◆ Dataset records
* * * *

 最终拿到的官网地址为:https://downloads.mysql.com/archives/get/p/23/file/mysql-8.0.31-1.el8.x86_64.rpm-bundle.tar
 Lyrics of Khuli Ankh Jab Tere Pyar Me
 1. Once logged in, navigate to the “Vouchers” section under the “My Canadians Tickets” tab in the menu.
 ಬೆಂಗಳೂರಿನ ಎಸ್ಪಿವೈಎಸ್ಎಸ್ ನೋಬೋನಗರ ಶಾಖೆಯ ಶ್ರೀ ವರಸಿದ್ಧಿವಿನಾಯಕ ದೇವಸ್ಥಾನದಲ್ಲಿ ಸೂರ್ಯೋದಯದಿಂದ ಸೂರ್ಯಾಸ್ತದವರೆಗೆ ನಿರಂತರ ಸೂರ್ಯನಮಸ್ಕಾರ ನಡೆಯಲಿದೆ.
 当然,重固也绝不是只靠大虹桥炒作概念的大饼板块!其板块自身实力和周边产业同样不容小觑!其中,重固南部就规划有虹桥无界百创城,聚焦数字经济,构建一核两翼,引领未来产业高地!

* * * *

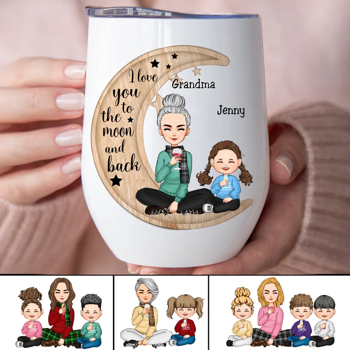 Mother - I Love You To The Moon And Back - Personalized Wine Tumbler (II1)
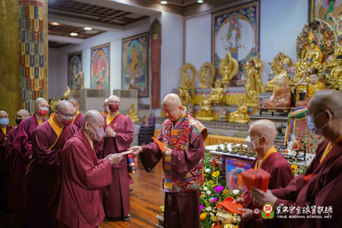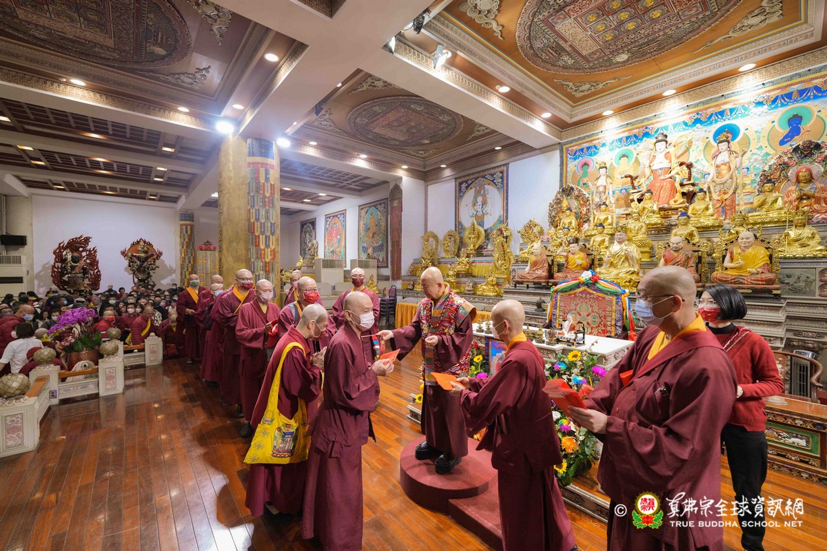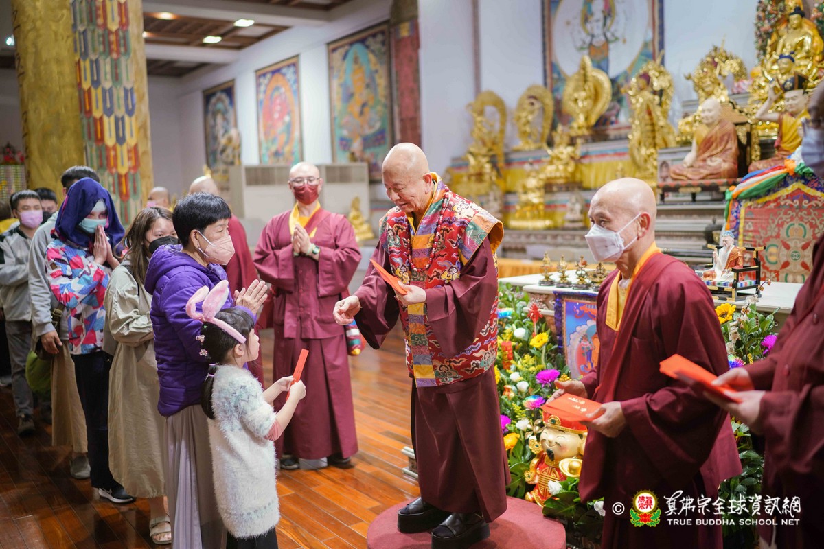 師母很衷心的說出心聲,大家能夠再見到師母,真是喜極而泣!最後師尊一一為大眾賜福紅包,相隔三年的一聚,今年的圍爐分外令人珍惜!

* * * *

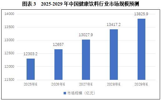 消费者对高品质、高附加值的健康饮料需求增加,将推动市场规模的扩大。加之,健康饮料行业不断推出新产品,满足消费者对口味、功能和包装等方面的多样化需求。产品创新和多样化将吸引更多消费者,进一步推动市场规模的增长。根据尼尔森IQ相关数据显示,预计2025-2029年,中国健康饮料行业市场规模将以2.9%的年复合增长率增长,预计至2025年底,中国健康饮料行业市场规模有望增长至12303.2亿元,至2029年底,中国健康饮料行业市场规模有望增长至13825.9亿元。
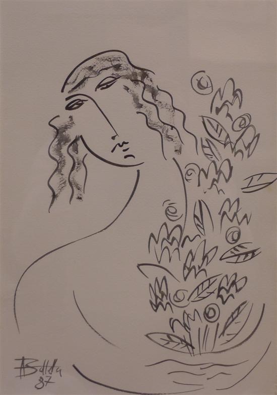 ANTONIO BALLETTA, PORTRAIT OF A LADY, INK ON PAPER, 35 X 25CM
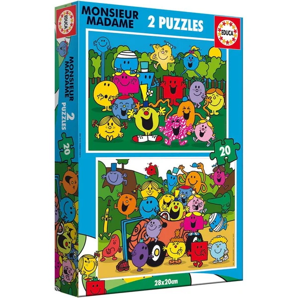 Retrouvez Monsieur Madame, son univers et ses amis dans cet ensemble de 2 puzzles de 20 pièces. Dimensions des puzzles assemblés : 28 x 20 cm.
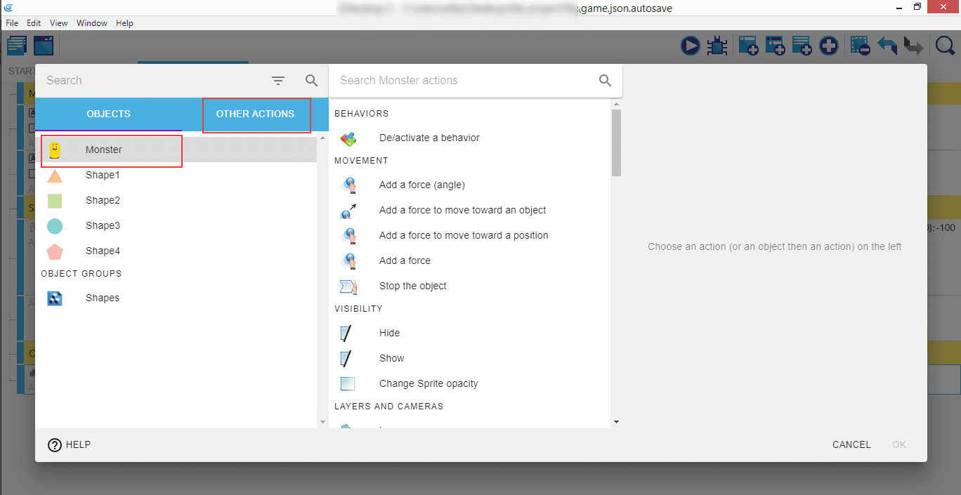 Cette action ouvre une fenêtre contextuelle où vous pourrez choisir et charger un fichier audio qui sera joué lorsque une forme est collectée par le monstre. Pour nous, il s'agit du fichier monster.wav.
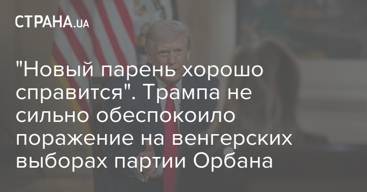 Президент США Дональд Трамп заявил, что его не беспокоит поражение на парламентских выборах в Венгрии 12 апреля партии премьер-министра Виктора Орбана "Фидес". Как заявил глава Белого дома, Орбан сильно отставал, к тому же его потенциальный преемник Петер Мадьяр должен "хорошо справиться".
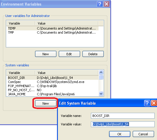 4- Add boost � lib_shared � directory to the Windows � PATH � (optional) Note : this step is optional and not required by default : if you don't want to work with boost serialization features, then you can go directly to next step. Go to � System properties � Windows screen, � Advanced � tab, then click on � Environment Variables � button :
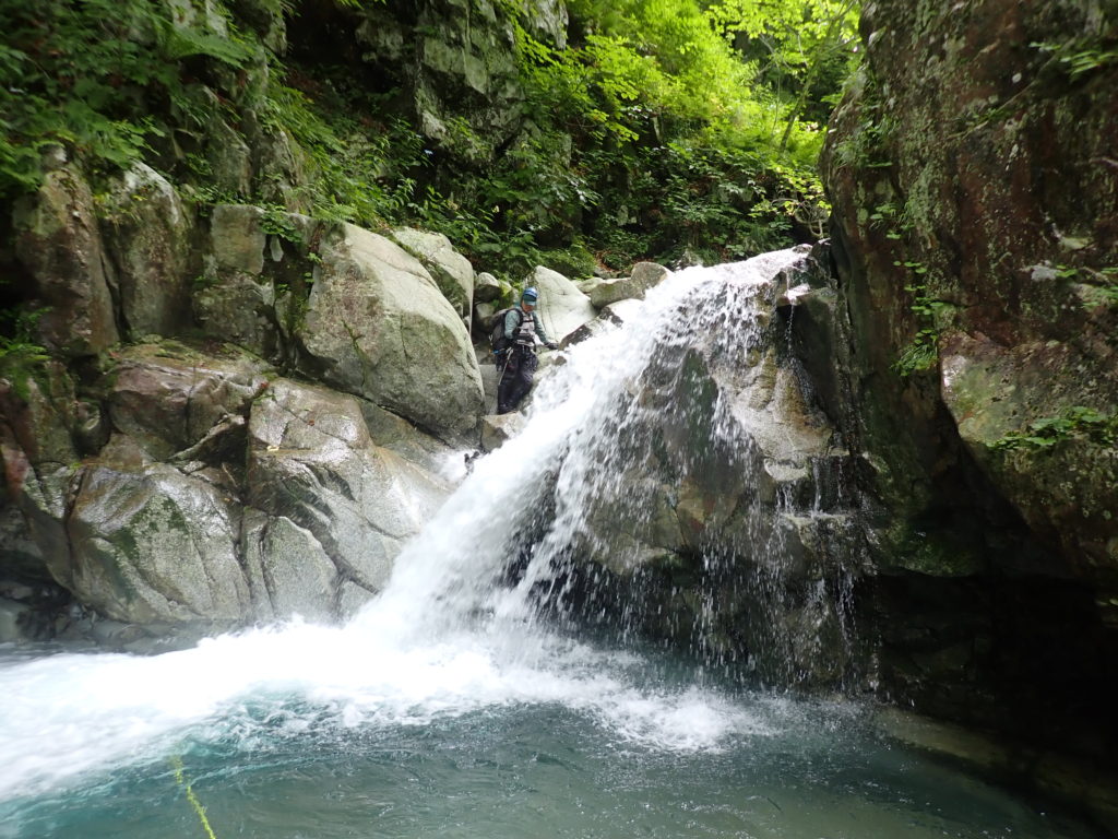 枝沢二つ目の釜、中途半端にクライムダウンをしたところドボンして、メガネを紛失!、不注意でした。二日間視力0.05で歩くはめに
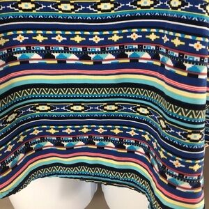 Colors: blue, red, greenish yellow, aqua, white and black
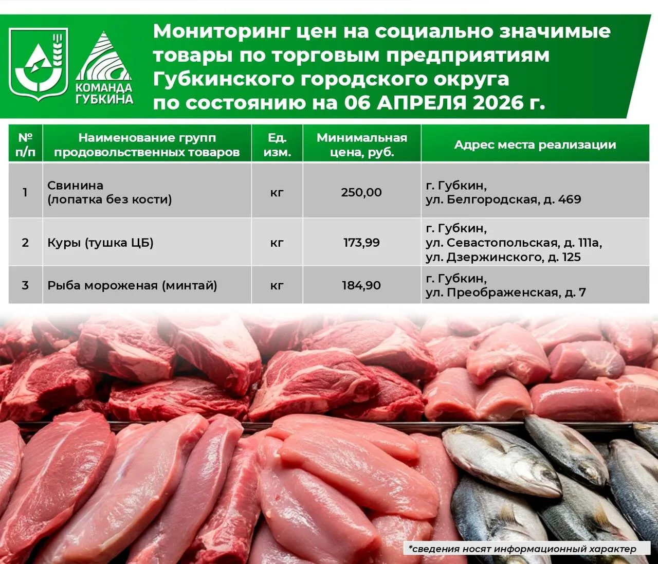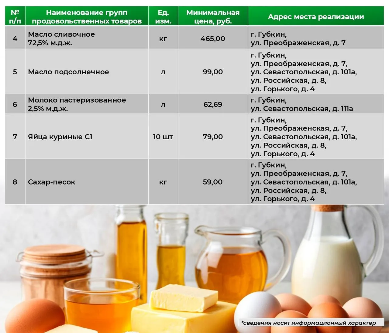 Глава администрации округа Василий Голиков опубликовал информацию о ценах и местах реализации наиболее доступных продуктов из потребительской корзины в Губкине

* * * *

The result should be an exact copy of only the lines above from the one that holds "Colors: blue, red, greenish" through the one that holds "Глава администрации округа", both ends included, without pictures.

◆ Exercise output
 Colors: blue, red, greenish yellow, aqua, white and black
 Глава администрации округа Василий Голиков опубликовал информацию о ценах и местах реализации наиболее доступных продуктов из потребительской корзины в Губкине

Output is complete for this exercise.